■ Brief
Find "Moderno y exclusivo" in the entries below; copy that line through the last, exactly, with no pictures.

Source records
────────────────────

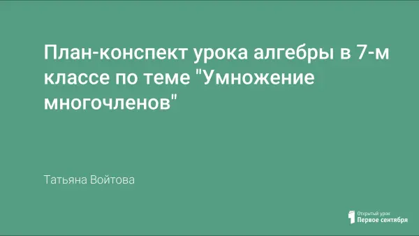 Урок алгебры "Умножение многочленов" является уроком повторения и закрепления знаний, умений, навыков по теме. Урок построен с применением технологии КСО с использованием методики взаимотренажа (ВТр) и методики взаимообмена заданиями (ВОЗ), что позволит решить проблему включенности каждого ребенка в учебный процесс. На уроке формируются коммуникативные способности детей при работе в парах сменного состава (ПСС).
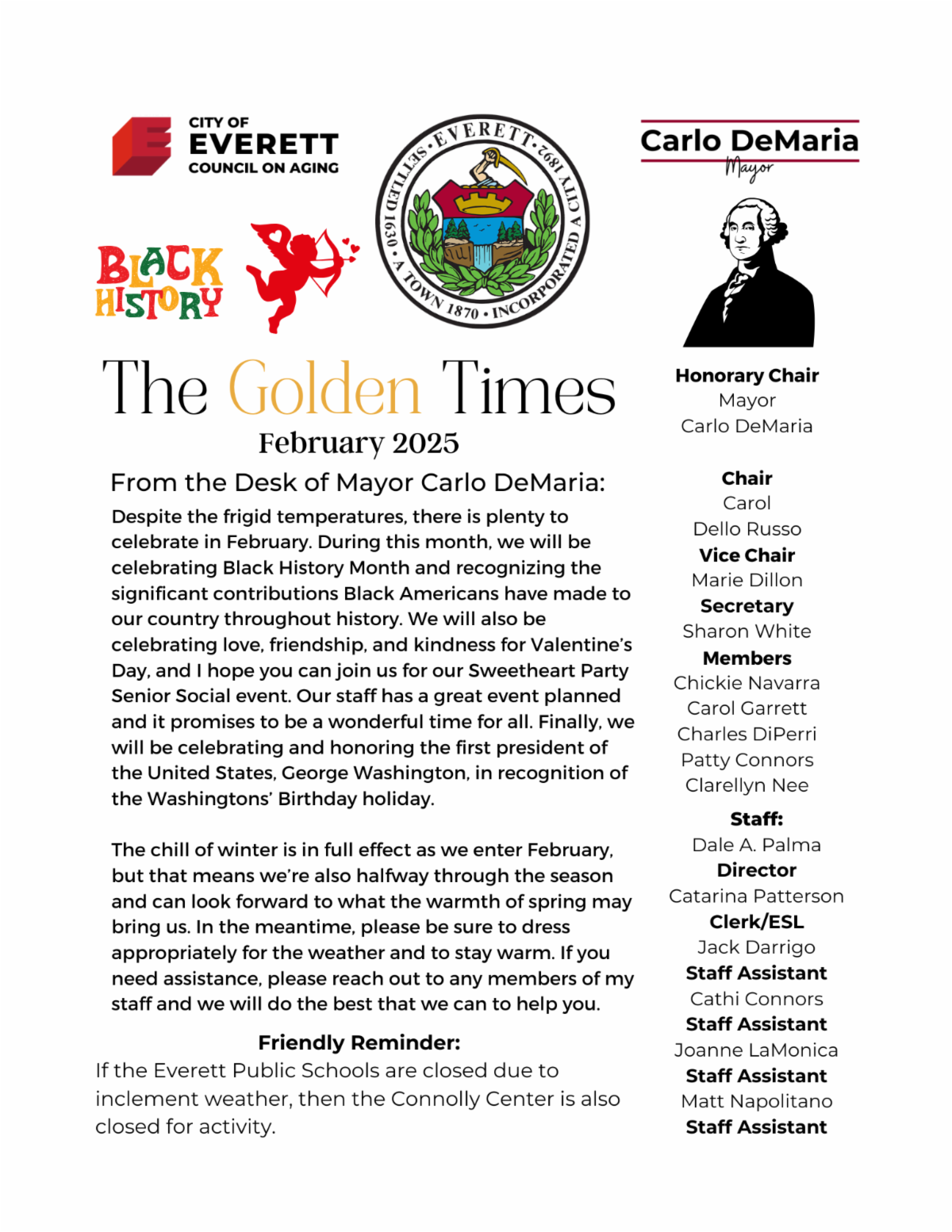 Happy New Year, Everett! I hope you all were able to enjoy the holiday season with friends, family, and loved ones. I'm so glad that we were able to celebrate the season with our annual Christmas Tree Lighting and Menorah Lighting events this past December, which I hope you were able to attend with us. It's always wonderful to see our community come together, especially during the holiday season.
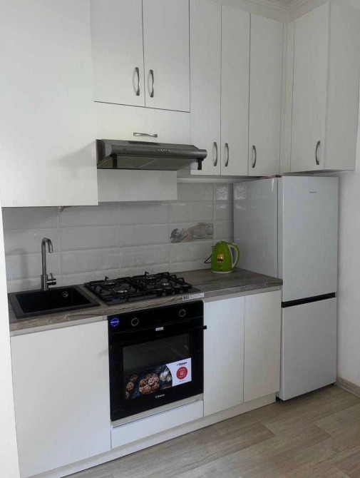 Кухня оснащена плитою, духовкою, холодильником та пральною машиною.
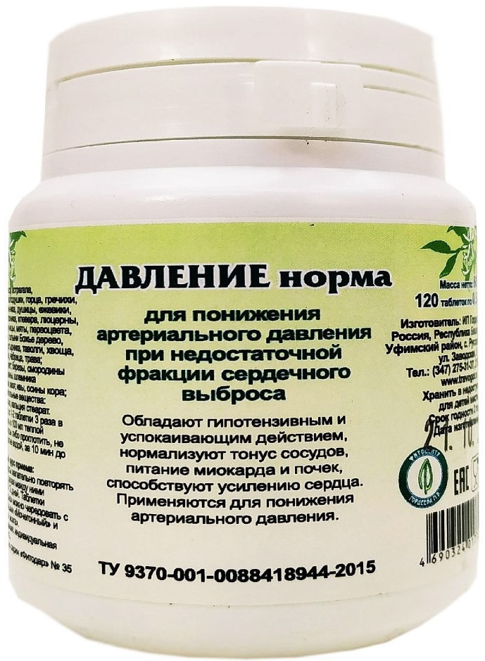 Les comprimés ont un effet hypotenseur et sédatif, aident à normaliser le travail du cœur et des reins. Avec un apport constant, ils réduisent le risque de sauts de tension artérielle. La composition ne contient que des ingrédients naturels et naturels cultivés sur les terres domestiques. Le cours est conçu pour 2-3 mois, puis vous devez faire une pause de 7 à 10 jours, puis répéter le cours. Prix : 559 roubles.
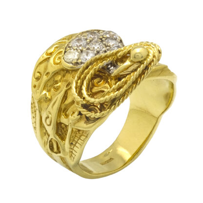 This pre owned ring is made from solid 9ct yellow gold with the saddle’s seating decorated in cubic zirconia gemstones for that extra bling, this saddle ring is durable for everyday or occasional wear. Carefully polished and highly detailed with buckles and sacks this saddle ring is decorated all around the band making this ring really stand out.
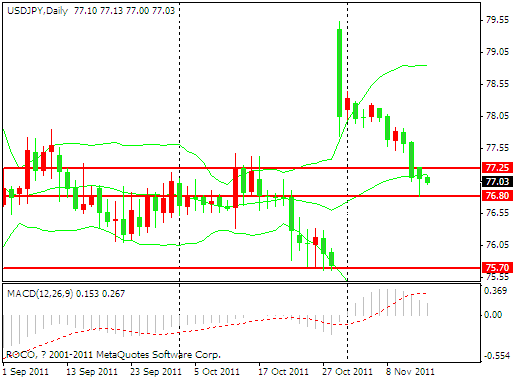 技术方面,日元在昨天拉出了一个比较 长得下阴线并在76.80获得支撑,并在77.25和76.80区间内形成了一个震荡的趋势,日本的震灾成本占GDP比值的百分之五最高能达到百分之七,加上大量的基础内部建设,导致日元的升值压力非常大,如果向下突破了76.80这一重要位置将下滑到近期的地点75.70附近,也请投资者密切关注。
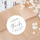 Un autocollant chic pour vos cartes de remerciement mariages et les faveurs de fête avec "Amour + Merci" dans un script moderne et une typographie élégante, vos noms et date mariage.
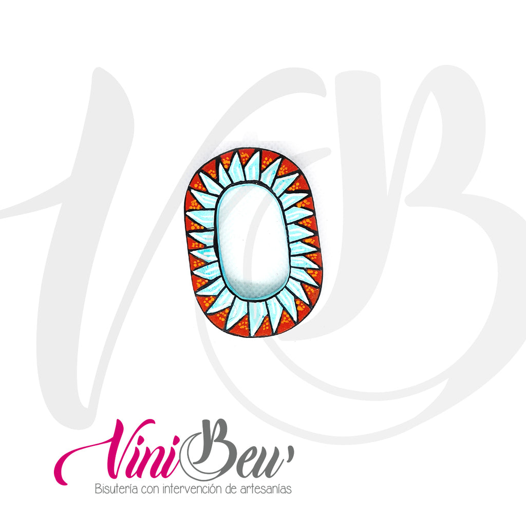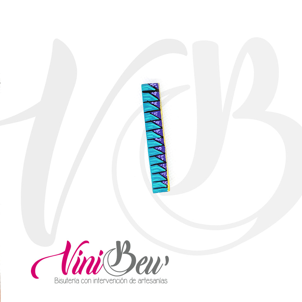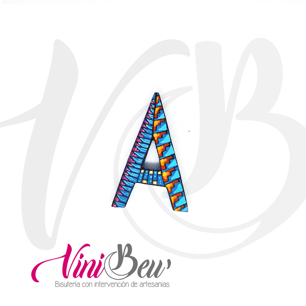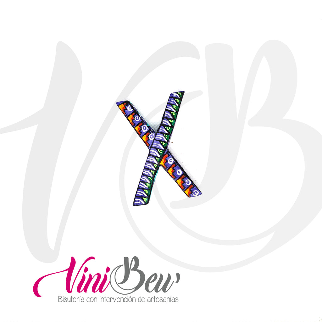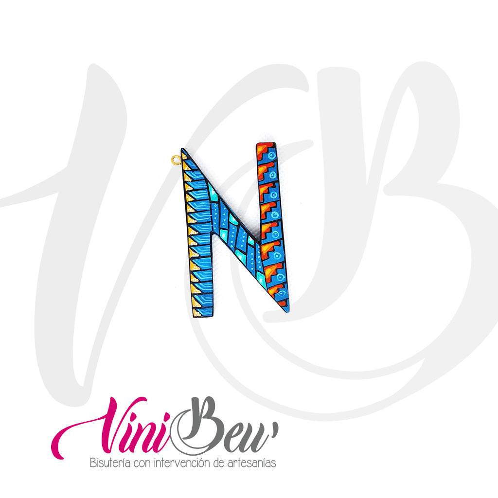 Moderno y exclusivo llavero con una letra de madera de copal tipo alebrije. Su diseño se complementa con un racimo de petatios de colores y dijes de pewter.
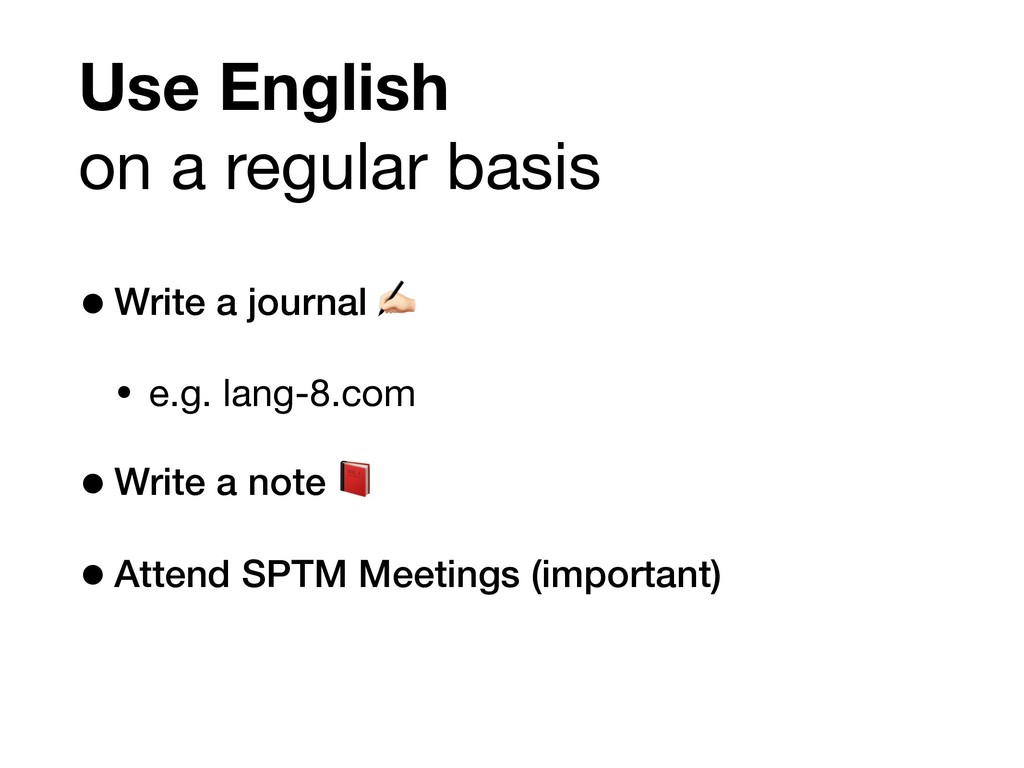 • e.g. lang-8.com •Write a note •Attend SPTM Meetings (important)
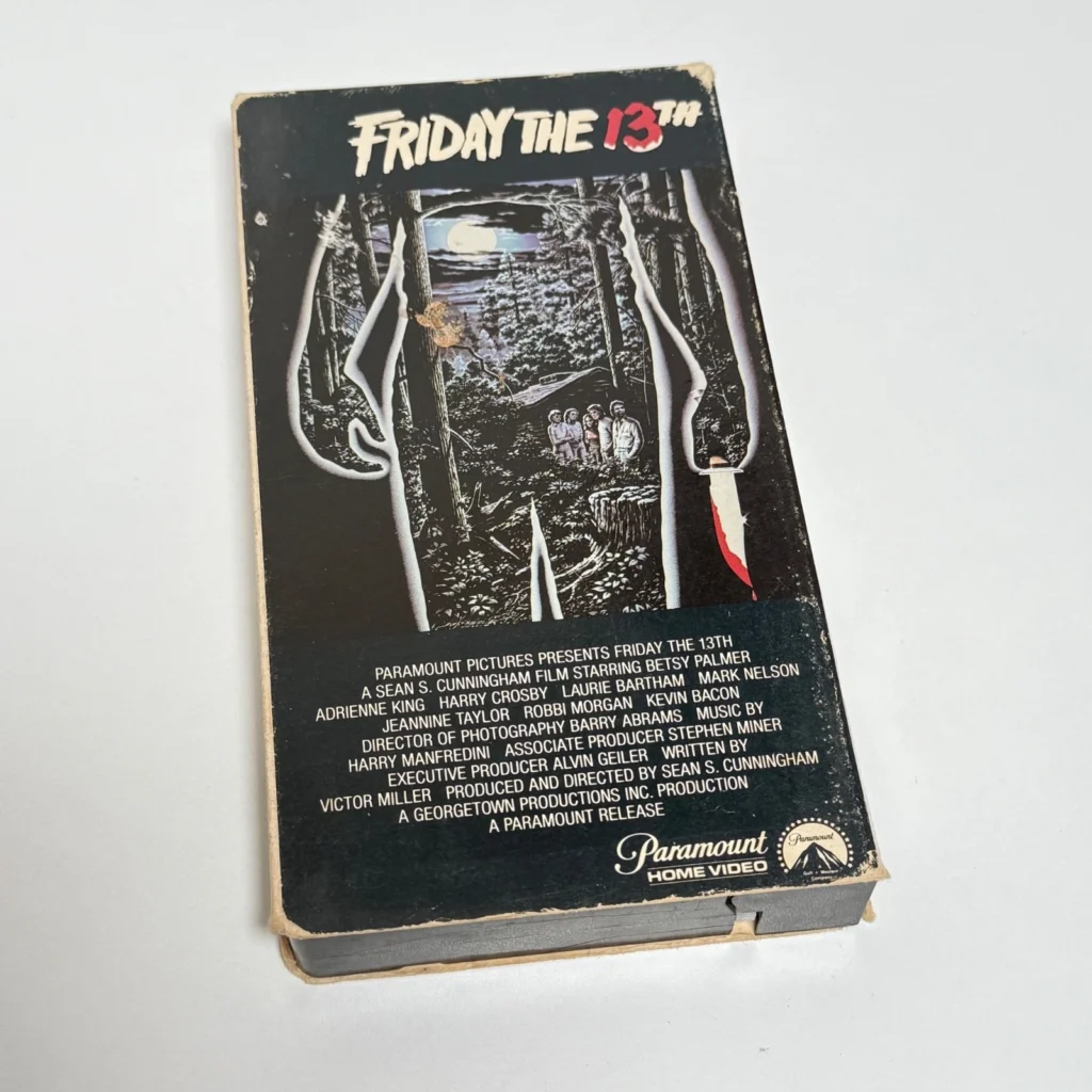 The first Paramount VHS of Friday the 13th is a classic that many fans grew up with. The cover art showing the silhouette against a dark forest remains burned into the minds of collectors. Early editions came with distinct watermarks and slight variations that make them fun to hunt down. It’s a piece that captures the rise of the 1980s slasher craze.
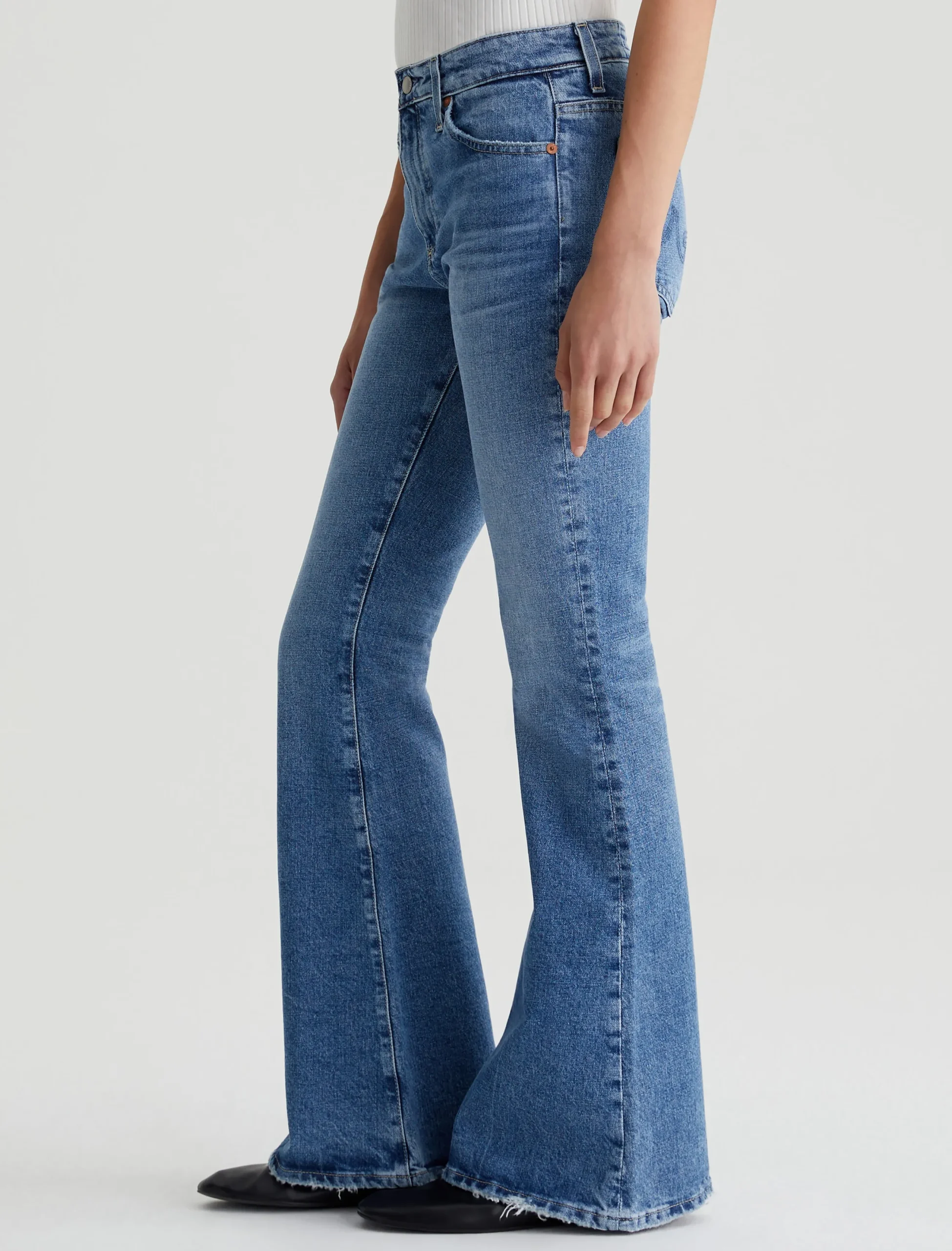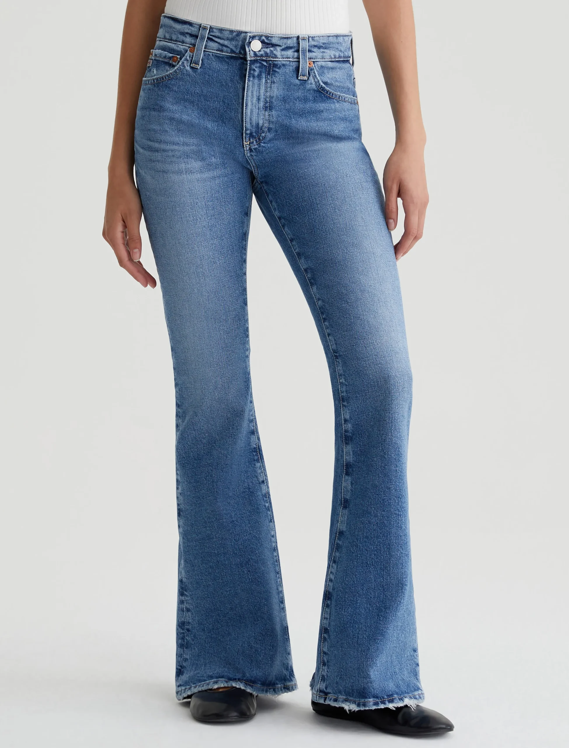 Angeline is a mid-rise jean with a dramatic flared silhouette. It’s featured here in a faded light blue wash featuring slightly frayed hems and subtle distressing at the pockets. These mid-rise flare jeans come in 11 oz. 360° Denim with vintage bi-stretch construction for a flattering, comfortable fit.
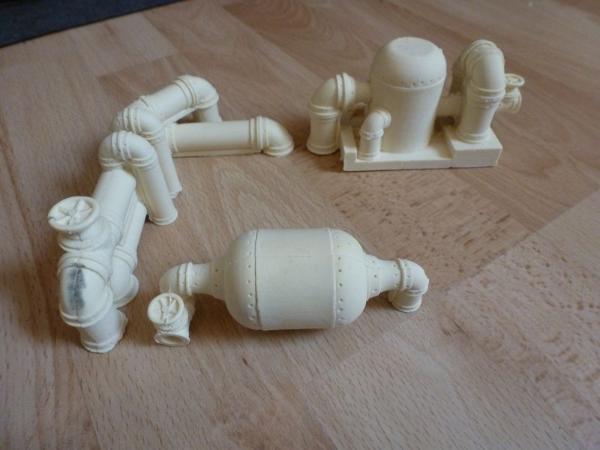 I also started to clean the parts I want to use for a pumping station / water supply system. Unfortunately they feature an immense mismatch in mold which will take me some time to correct / hide.
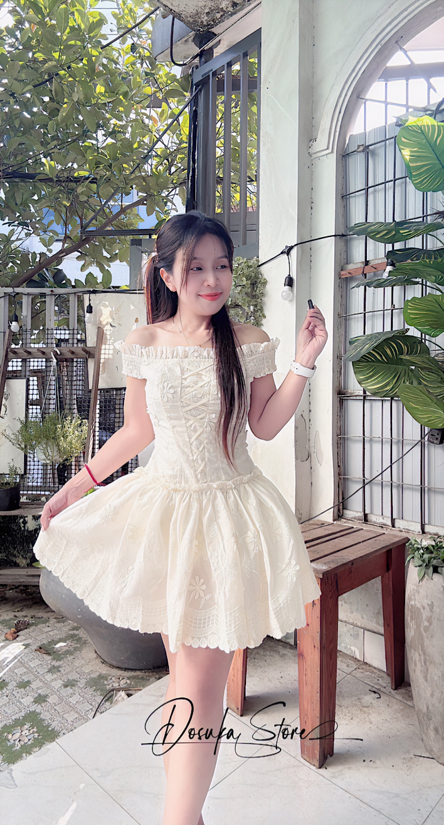 Váy sát nách cổ sen tầng bèo xinh xỉuuuuu váy có kèm quần bảo hộ nên ce vẫn thoải mái nha 2 màu: đen - kem •S/M Sản phẩm này là tài sản cá nhân
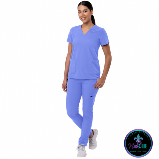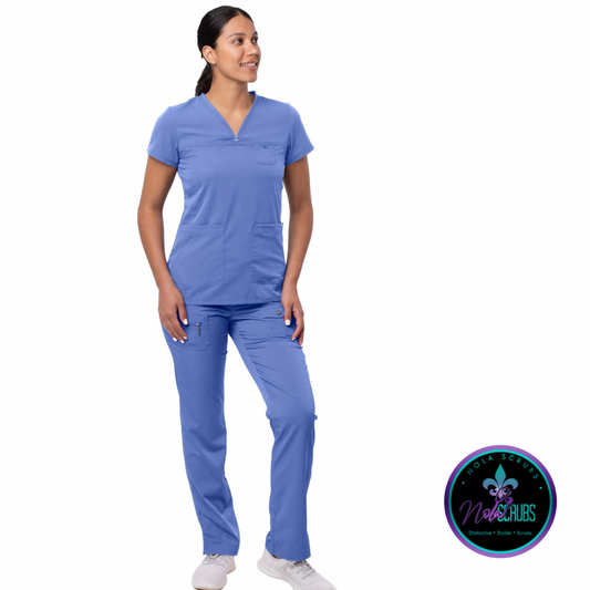 Nola Unisex V-Neck/Drawstring Pant Scrub Set - Ceil Blue
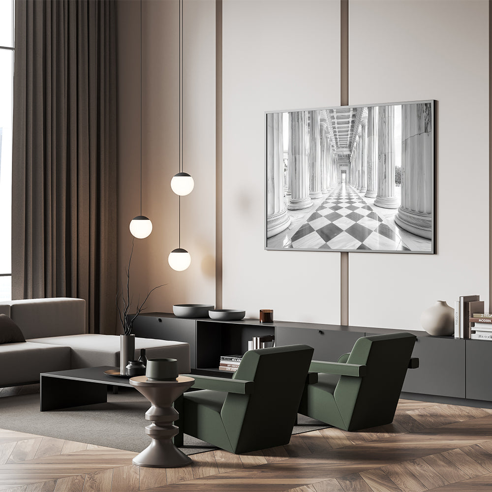 - Design: Features a detailed representation of classical columns with a striking black and white color palette, adding depth and elegance to any room.

────────────────────

■ Written answer
 Moderno y exclusivo llavero con una letra de madera de copal tipo alebrije. Su diseño se complementa con un racimo de petatios de colores y dijes de pewter.
 • e.g. lang-8.com •Write a note •Attend SPTM Meetings (important)
 The first Paramount VHS of Friday the 13th is a classic that many fans grew up with. The cover art showing the silhouette against a dark forest remains burned into the minds of collectors. Early editions came with distinct watermarks and slight variations that make them fun to hunt down. It’s a piece that captures the rise of the 1980s slasher craze.
 Angeline is a mid-rise jean with a dramatic flared silhouette. It’s featured here in a faded light blue wash featuring slightly frayed hems and subtle distressing at the pockets. These mid-rise flare jeans come in 11 oz. 360° Denim with vintage bi-stretch construction for a flattering, comfortable fit.
 I also started to clean the parts I want to use for a pumping station / water supply system. Unfortunately they feature an immense mismatch in mold which will take me some time to correct / hide.
 Váy sát nách cổ sen tầng bèo xinh xỉuuuuu váy có kèm quần bảo hộ nên ce vẫn thoải mái nha 2 màu: đen - kem •S/M Sản phẩm này là tài sản cá nhân
 Nola Unisex V-Neck/Drawstring Pant Scrub Set - Ceil Blue
 - Design: Features a detailed representation of classical columns with a striking black and white color palette, adding depth and elegance to any room.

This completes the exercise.